Naguib Sawiris, Egypt’s billionaire businessman, hopes to become a new independent satellite television mogul in the Middle East, replicating his regional success in telecommunications.
The head of the Cairo-based Orascom Telecom Holdings ..... is already majority-owner in two satellite television stations, Melody music and Melody films. He is now starting a third entertainment channel dedicated to young audiences and has applied for a licence to launch a 24-hour satellite news channel for Egypt’s domestic market.
Mr Sawiris is also expecting gradually to turn an Iraqi terrestrial general channel he owns into a broader regional satellite news channel to one day compete with the popular Qatar-based al-Jazeera and Saudi-owned al-Arabiya.
The foray into satellite media, a field that, outside al-Jazeera, has been largely dominated by Saudis.....appears to be driven by business as much as political motives.
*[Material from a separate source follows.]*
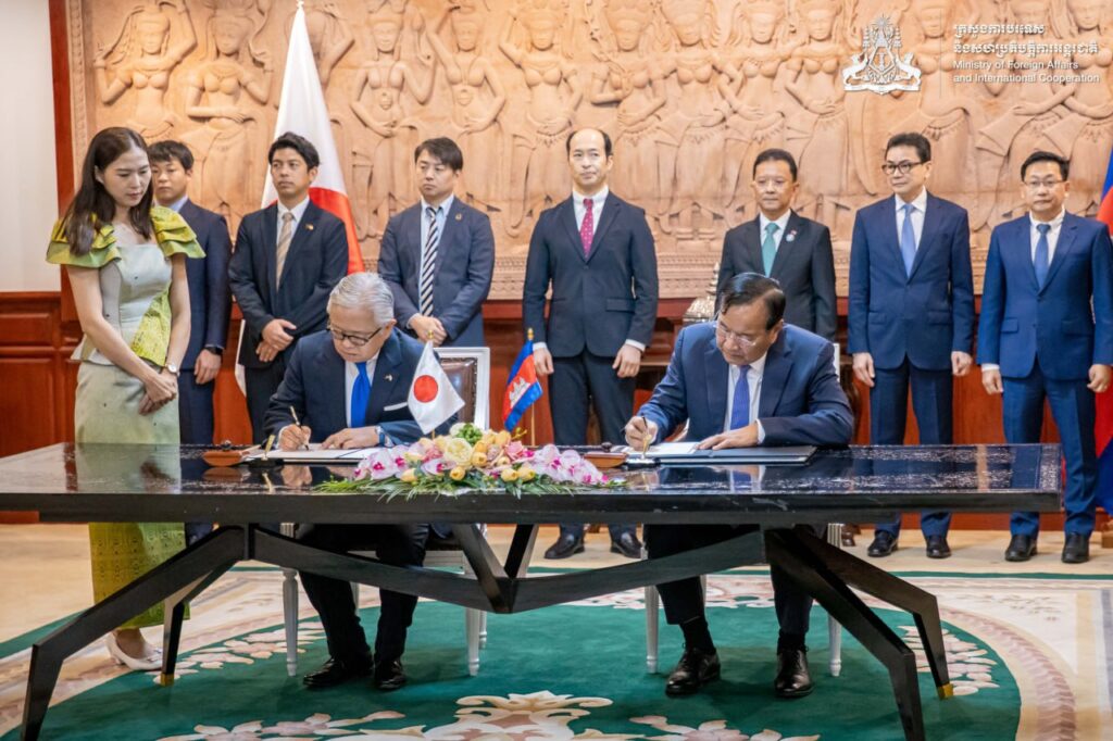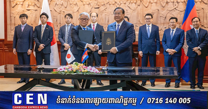 ភ្នំពេញ ៖ នៅថ្ងៃទី១៩ ខែមីនា ឆ្នាំ២០២៦ ឯកឧត្តមឧបនាយករដ្ឋមន្ត្រី ប្រាក់ សុខុន រដ្ឋមន្ត្រីការបរទេស និង សហប្រតិបត្តិការអន្តរជាតិនៃព្រះរាជាណាចក្រកម្ពុជា និងឯកឧត្តម UENO Atsushi ឯកអគ្គរាជទូតវិសាមញ្ញ និងពេញសមត្ថភាពជប៉ុនប្រចាំកម្ពុជា បានចុះហត្ថលេខាលើលិខិតប្តូរសារស្តីពីការកែសម្រួលនៃហិរញ្ញប្បទាន ឥតសំណងរបស់ជប៉ុនសម្រាប់គម្រោង «ការពង្រីកប្រព័ន្ធផ្គត់ផ្គង់ទឹកស្អាតក្នុងក្រុងតាខ្មៅ»។

An outspoken secular businessman..... Mr Sawiris wants to win the hearts of Arab youth by promoting a more liberal Arab society.
Why Khalaf and Wallis (particularly Khalaf, Wallis as I already pointed out needs to get more savvy) would write something like "appears to be driven by business as much as political motives" escapes me.
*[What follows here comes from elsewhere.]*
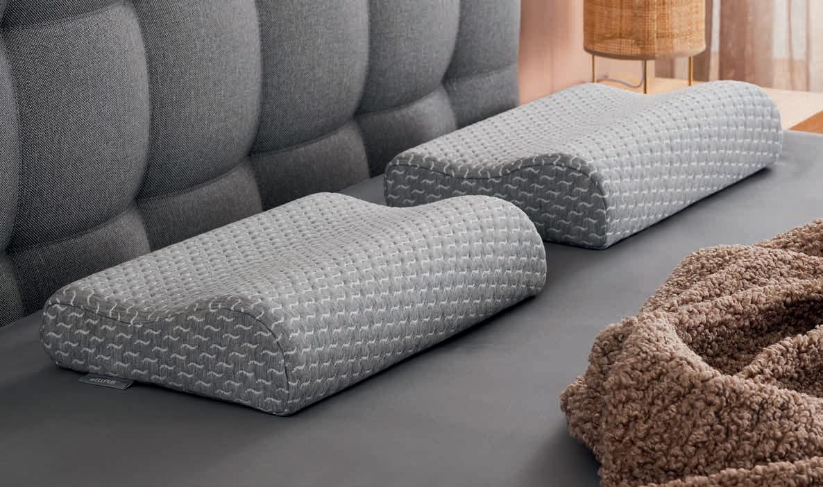 Ergonomiczna poduszka z wsadem z redukującej napięcie pianki termoelastycznej AIR. Poszycie 100% poliester, nadaje się do prania w 60°C. 30x50x10/7 cm 1 SZT.

Perhaps I am too cynical about Sawiris.
“When I started Orascom I started a regional activity, and I believe I can replicate the story in media,” he said, on the sidelines of a World Economic Forum conference in the Egyptian Red Sea resort of Sharm el-Sheikh. “Here [in the Middle East], most stations are family-owned, royal-owned or government-owned.”
The only hope for the region, he said, was a change in education to combat religious fundamentalism and extremism: “There is terrorism because they [young people] have nothing to look forward to.”
Now on the last line, I have to largely agree. Still, it's a bit rich for someone like Sawiris to be banging on about "family owned" groups with the underlying implication that they're clotting up the market, given Orascom's Corporate Governance.
Mr Sawiris, best-known in Europe for last year’s purchase of a controlling stake in Italian mobile and fixed line phone operator Wind Telecommunications, said his biggest challenge was to persuade the Egyptian government to allow him to start an independent Cairo-based news channel.
The powerful Christian businessman said he was most concerned by the rise of the Muslim Brotherhood, the banned Islamist group that forms Egypt’s largest opposition movement and which won about 20 per cent of seats in last year’s legislative elections. But he also criticised the government crackdown on demonstrators.
Oh. Somehow I think getting a license to open a news channel is not going to be so hard.
“Governments by nature are inefficient and security oriented,” said Mr Sawiris. “This machine has to reach out to artists, thinkers, businessmen, professors and secular judges and gain their support in the fight against terrorism and fundamentalism. They’re not doing that.”
The criticism that is not quite.
Fair enough on a level, the statement, but frankly in reading this, I don't hear someone who's really truly critiquing Mubarek and the Vampire Regime, I hear Mr Hand in Glove angling to spin some street cred for a new biz.
Now, on some level I don't blame the man, but on another given the spin in the re liberalism and the like, I have to say the "reform" spin here is more marketing than real
Repressing peaceful activists was futile, he said, in the age of satellite television: “If you don’t want people to see something don’t do it and, if you do it, don’t try to hide it.”
True enough, but mate, I still don't buy your spin.
Well, it's decent initial marketing and you may get some dumb American money, so what the fuck....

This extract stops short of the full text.